TIBCO Software, a Palo Alto, Calif.-based business integration software company, has announced that it is integrating its middleware platform with RFID readers produced by Alien Technology, a Morgan Hill, Calif.-based maker of Class 1 Electronic Product Code tags and readers.
TIBCO and Alien were brought together by Procter & Gamble, a mutual customer that wanted to take RFID data from Alien readers, filter it and route it to its warehouse management, inventory management and other enterprise applications.
TIBCO created a software “adapter” that converts the data into the formats needed for applications from SAP and other enterprise resource planning vendors.
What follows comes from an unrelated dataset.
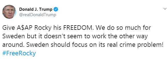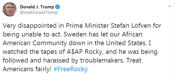 "Очень разочарован премьер-министром (Швеции - прим.ред.) Стефаном Лёфвеном за неспособность действовать. Швеция подвела наше афроамериканское сообщество в Соединенных Штатах. Я смотрел видеозапись (приставаний к реперу - прим. ред.) A$AP Rocky, и за ним следили и приставали хулиганы. Относись к американцам справедливо! #FreeRocky", - говорится в опубликованном сообщении.
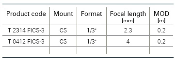 In this case the focal length is 2.3 mm and thus one of the lowest commercially available. Therefore, we use the Computar T 2314 FICS-3 (see table below).

The two companies demonstrated the RFID solution at a gathering of Wal-Mart’s top 100 suppliers in November 2003 and will release it in the first half of 2004.
“We can take scans off the Alien readers and contextualize the data,” says Tom Laffey, vice president at TIBCO Software. “You can’t just take the 96 bits of data from the tag and pass it to the application.”
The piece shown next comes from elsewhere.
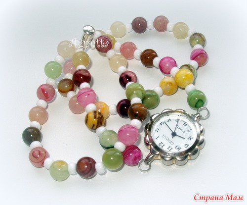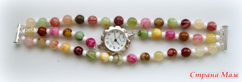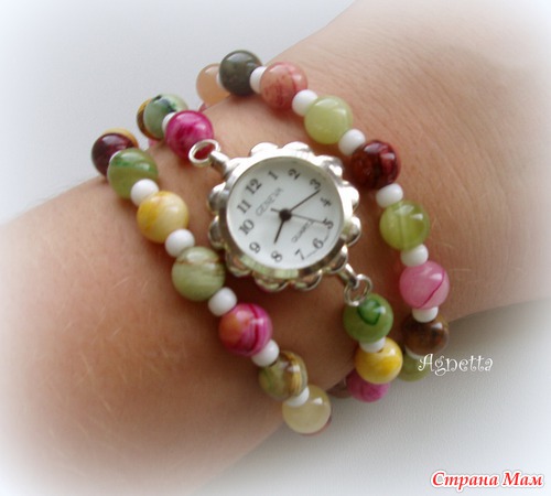 кварцевый часовой механизм Geneva, агат, чешский бисер

If a pallet about to be shipped is missing two cases, that information has to trigger several sophisticated events, Laffey says. Employees need to be alerted to the problem. Inventory needs to be checked to see if the items are in stock. Messages need to be conveyed to employees in the warehouse to bring out the cases. TIBCO’s middleware offers companies a platform for creating these capabilities.
Laffey says TIBCO is well placed to win a share of the increasingly crowded market for RFID market because of its experience supplying software for the NASDAQ stock trading system. “We have overcome the issues related to building a high-volume transactional system,” he says, referring to TIBCO’s success in creating a coherent infrastructure for NASDAQ that can handle billions of real-time transaction and route them to the proper applications. “As RFID rollouts expand, [companies] will encounter similar problems of infrastructure, scale and speed.”
TIBCO joined EPCglobal, the nonprofit organization commercializing EPC technology, in April 2003. Laffey is a technology board member and chair for the Software Action Group of EPCglobal’s EPC Information Service.